Given a \ (n \ times m \) of the trellis diagram, where there is an obstacle, per row and no more than one, each of the barrier around \ (8 \) format accessible. Seeking a desired length of a path between two optional points accessible.
Consider push path length of the desired formula: Let accessibility point of "good point", there are obstacles to point to "pixel", two different "good points" \ (i \) and \ (j \) between distance \ (D (I, J) \) . "Good point," a total of \ (the p-\) . The desired path length \ (= \ FRAC {\ sum_ = {I}. 1 ^ P \ sum_ {J} = ^ PD. 1 (I, J)} {P} ^ 2 \) .

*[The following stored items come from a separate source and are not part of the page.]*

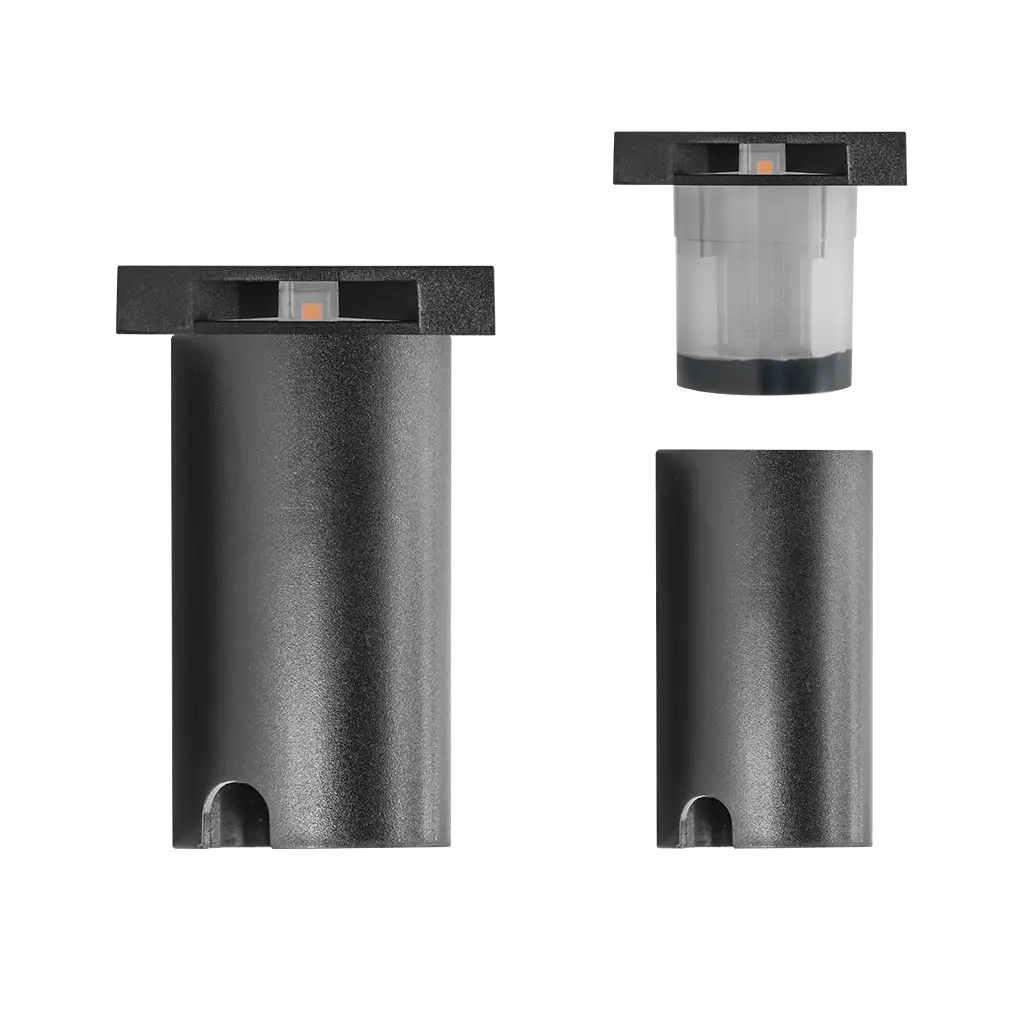 Luminario de piso, de LED, blanco cálido, 0.5 Watt, cuadrado con una salida de luz, de empotrar, policarbonato acabado negro, incluye housing de policarbonato, 100 – 240V ca, protección IP67.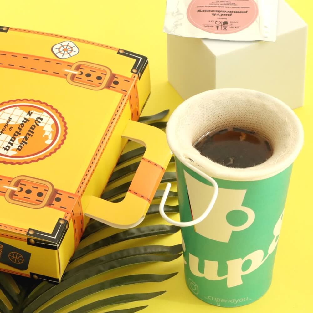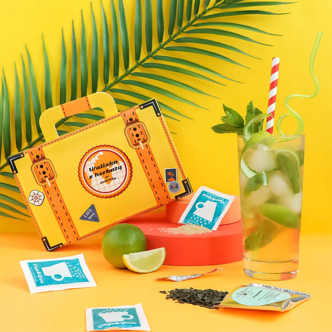 Чемодан для чая для путешествий создан для поездок, пикников и семейных встреч на природе. Композиция из 14 чайных пакетиков разных вкусов и видов, с хлопковым фильтром и пакетиками тростникового сахара будет означать, что вам не придется беспокоиться о необходимых расходных материалах для приготовления чая. Все, что вам нужно, это чашка и вода! Дополнительно, чтобы набор идеально вписался в атмосферу путешествия, все было заключено в упаковку, имитирующую дорожный чемодан. Даже находясь вдали от дома, вам не придется отказываться от любимых чаев! В жаркие дни вы можете заварить чай, а затем добавить кубики льда и получить освежающий ледяной чай! «Теплый» вариант чайных пакетиков идеален для гостиничного номера или даже прохладных вечеров у камина. Наслаждайтесь вкусным, освежающим вкусом чая, где бы вы ни находились!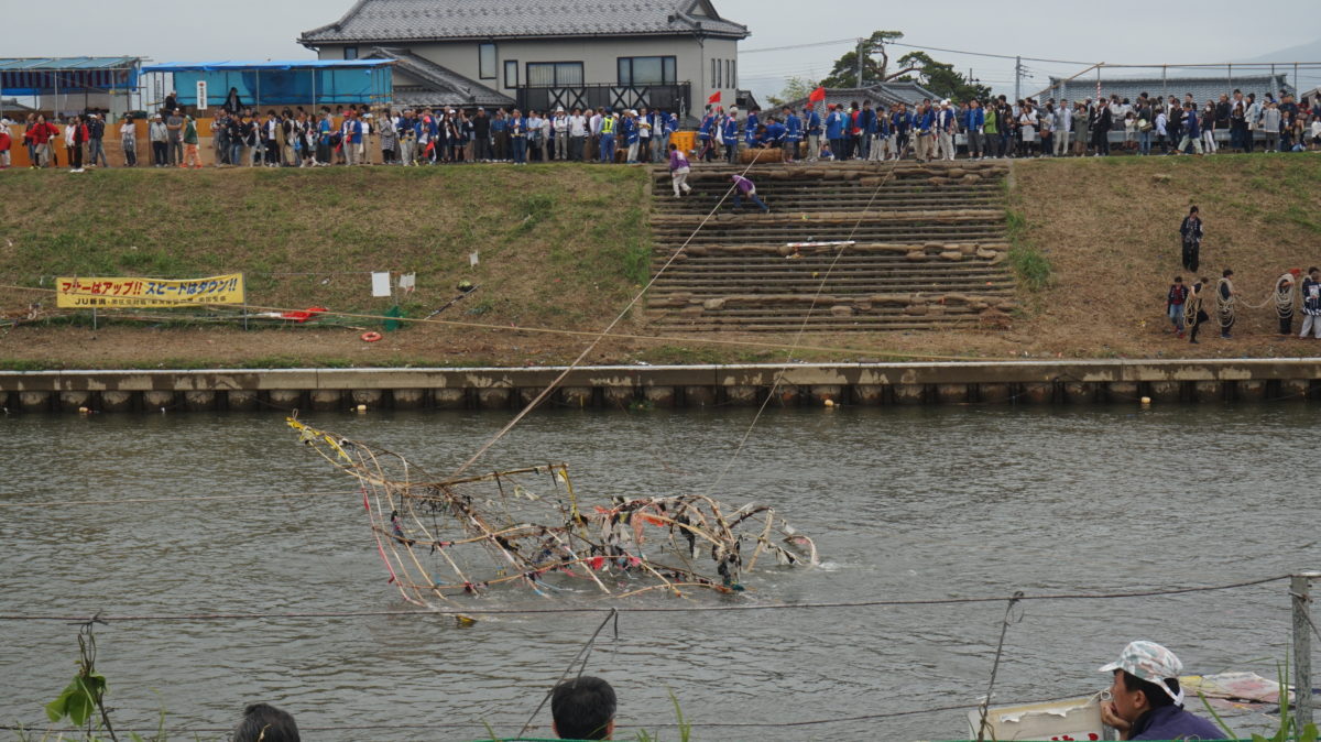 東軍の大凧に、西軍が上げた大凧が回転しながら急降下し、そのままふたつの凧は綱が絡まったまま川ポチャ!しかし、真の戦いはここからだったのです。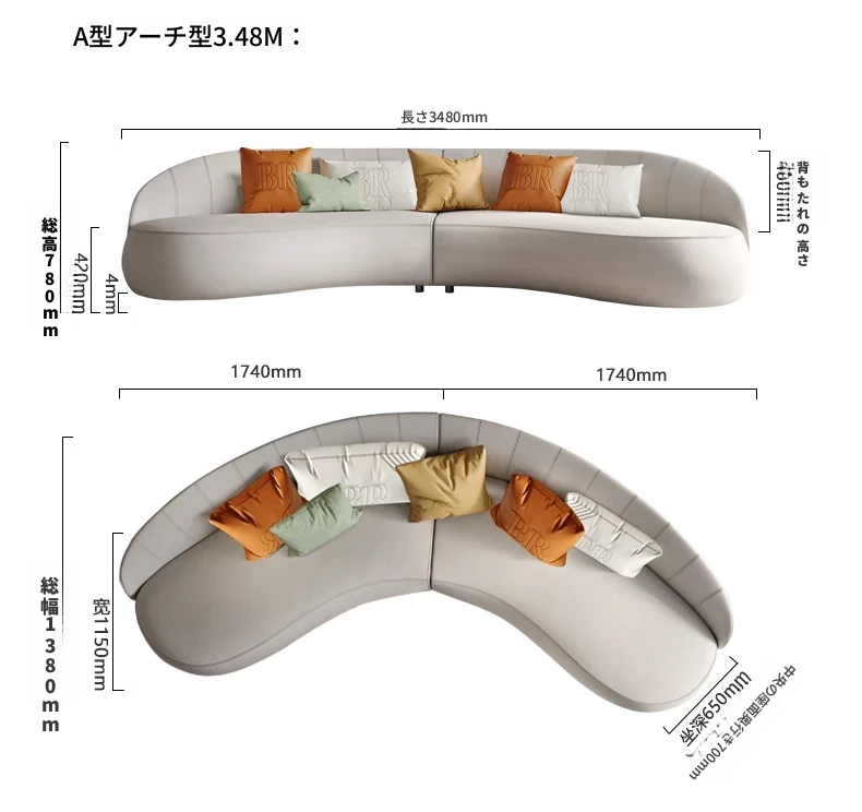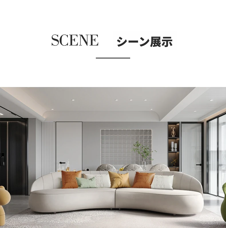 Msオリジナル/ヴェローナ別荘 大型斜め異形フレンチクリーム風 半円形ライトラグジュアリーアーチソファ - 優雅なデザインでお部屋を華やかに演出し、贅沢なひとときを提供します。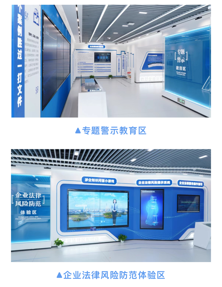 该体验中心充分发挥“深圳市五星级法治宣传教育基地”作用,打造“金融犯罪警示教育”和“企业廉洁教育”两个主题阵地,助力企业防范金融风险、强化廉洁自律意识。线下设置迎宾区、法治化营商环境综述区、专题警示教育区、企业法律风险防范体验区、企业法律服务需求对接区和、识产权保护分馆等六大板块,线上依托小程序、公众号等平台,企业人员可通过报名邀约、“元宇宙体验”等入口,进入“线上体验馆”进行互动式的体验。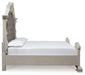 | Details | Includes upholstered panel headboard, footboard, rails and slats, Made with hardwood solids, oak and ash swirl veneers, MDF substrates and cast resin components, Side rails feature laminated solid hardwood slat support rails (or LVL) with glued and screwed blocking for added strength, Antiqued white finish, Polyester upholstery, Foundation/box spring required, sold separately, Mattress available, sold separately , Assembly required | |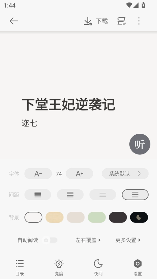 3、阅读时能依据个人喜好调整背景颜色、字体大小、翻页模式等,打造专属于自己的阅读环境。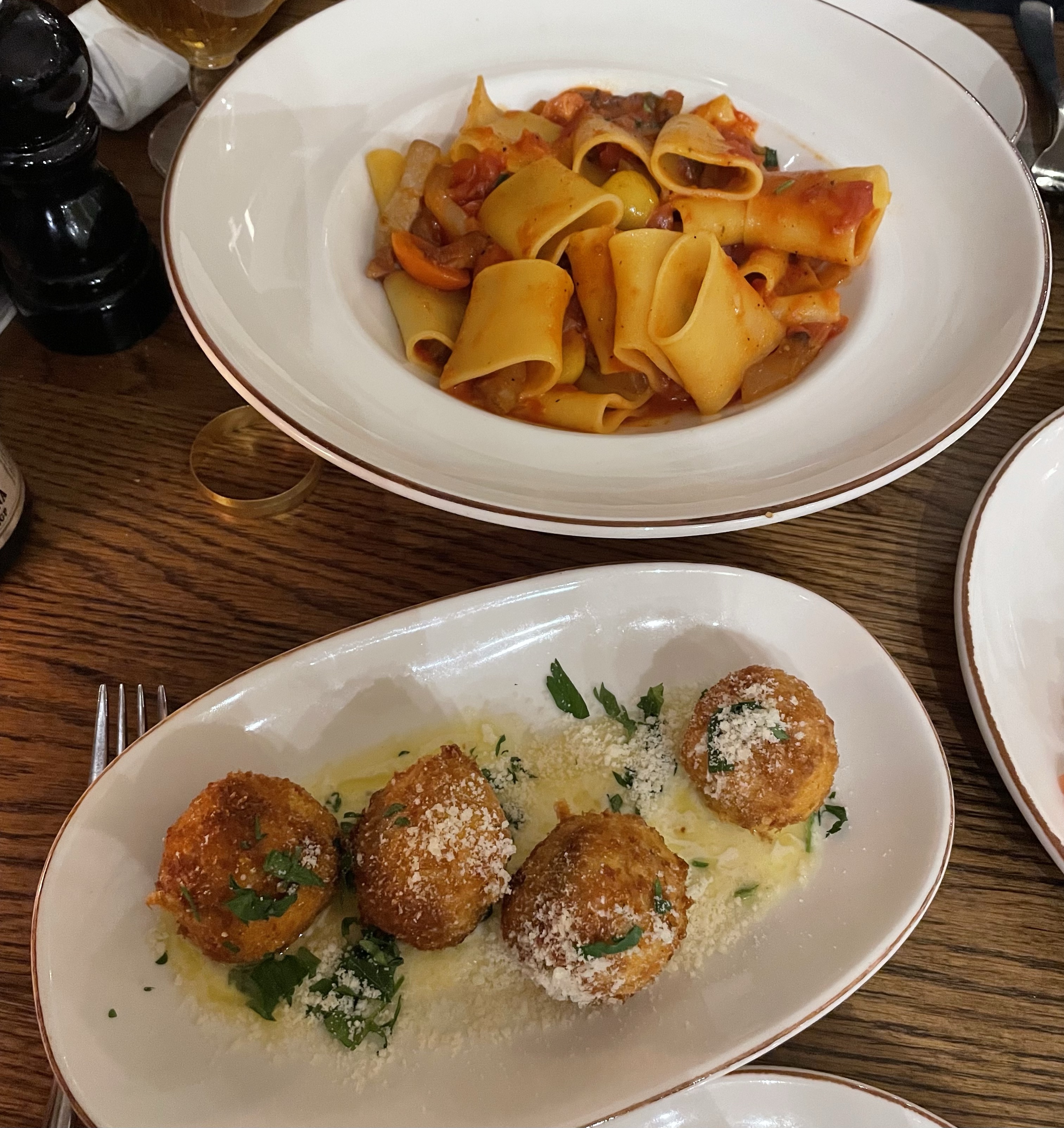 For “starters” we shared the Bruschetta al Pomodoro and Arancini Alla Carbonara. The bruschetta was nice, not the best I have had though. The tomatoes were cut really small and the bread thin so the topping just fell off the bread and it was very messy to eat. I wasn’t getting the juiciness and freshness that I expected. The arancini were faultless though, really good and delicious.
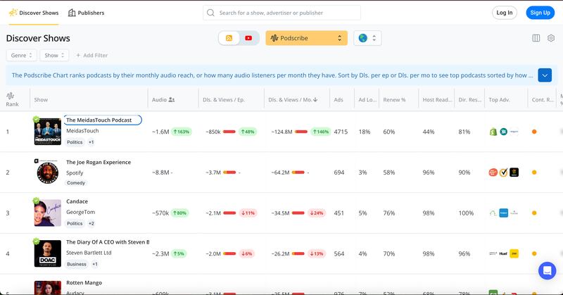 This is more than double the listeners MeidasTouch received in February, when it first dethroned The Joe Rogan Experience for the top spot. Rogan’s podcast registered 64 million downloads.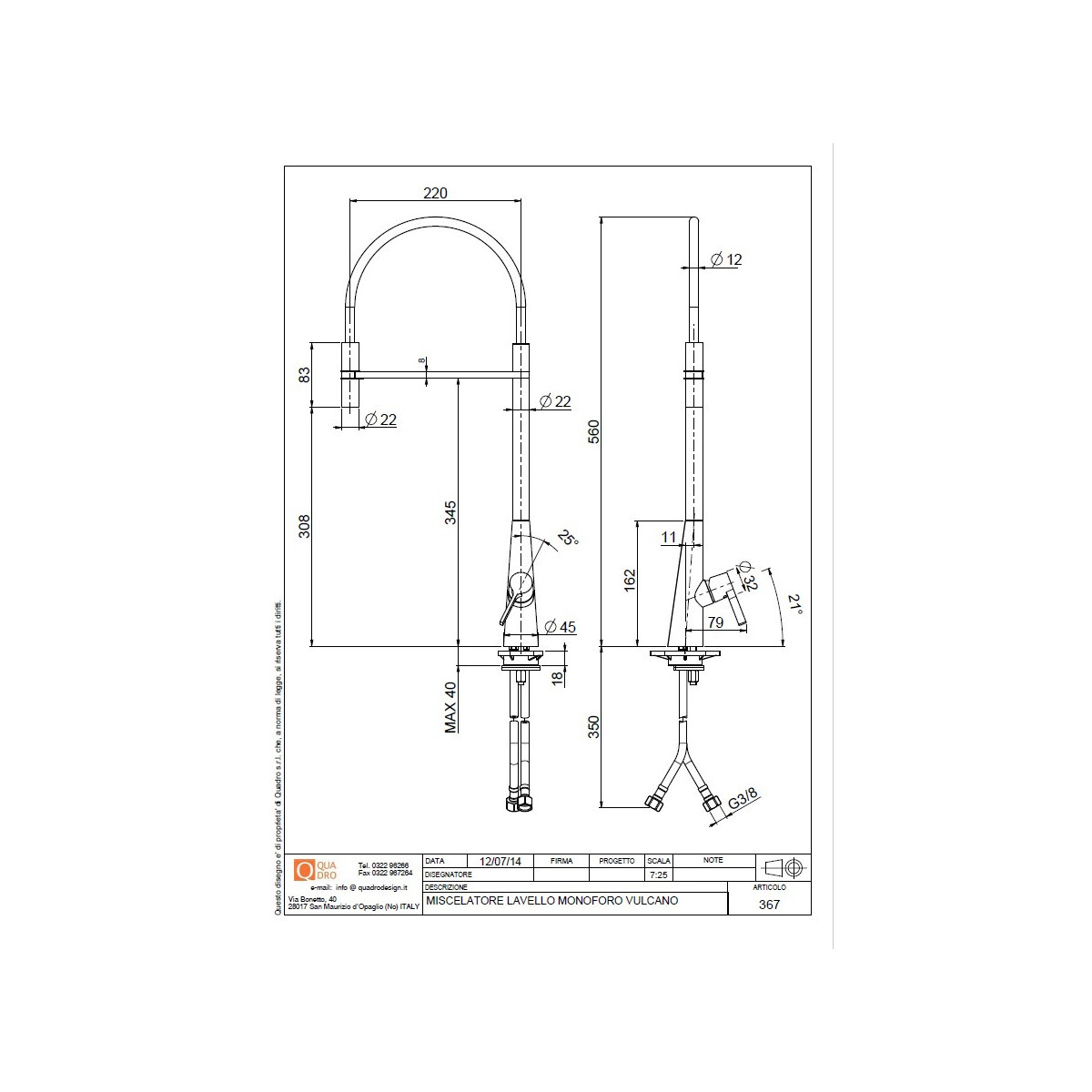 Quadrodesign 367 - Miscelatore Design, Acciaio Inox AISI316L, Canna Girevole, Flessibile Bianco

Then push the two different "good points" between distance: For most of the "good points" distance between two points is its Manhattan distance. For the following figure \ (A \) point and \ (B \) point ( "better" counterparts have the right to the left "pixel" \ (1 \) left, "good points" have the right counterparts "pixel" \ (2 \) and "pixel" \ (1 \) in the "pixel" \ (2 \) on the left), then the two "better" Manhattan distance for spacing \ (2 + \) .
Manhattan distance is then calculated: Consider branches and columns do respectively.
To conduct cases, the number of pieces held \ (A \) , for the "good points" for each row overall distance traveled in the vertical direction is calculated. Below, for a "better" \ ((A, B) \) , which is the first \ (C \) distance for all points on the line and equal to the vertical \ (C \) all "good dot lines "number \ (\ Times \) of \ (C \) row and the second \ (a \) distance between rows difference.
Known by the title per line \ (m \) points, then the first \ (c \) when the line of "dead pixels", answers contributed \ ((m-1) \ ABS Times (CA) \) (following FIG \ (Case \) \ (. 1 \) ); section \ (C \) when the line is not "pixel", answers contributed \ (m \ ABS Times (CA) \) (below \ (Case \) \ (2 \) ).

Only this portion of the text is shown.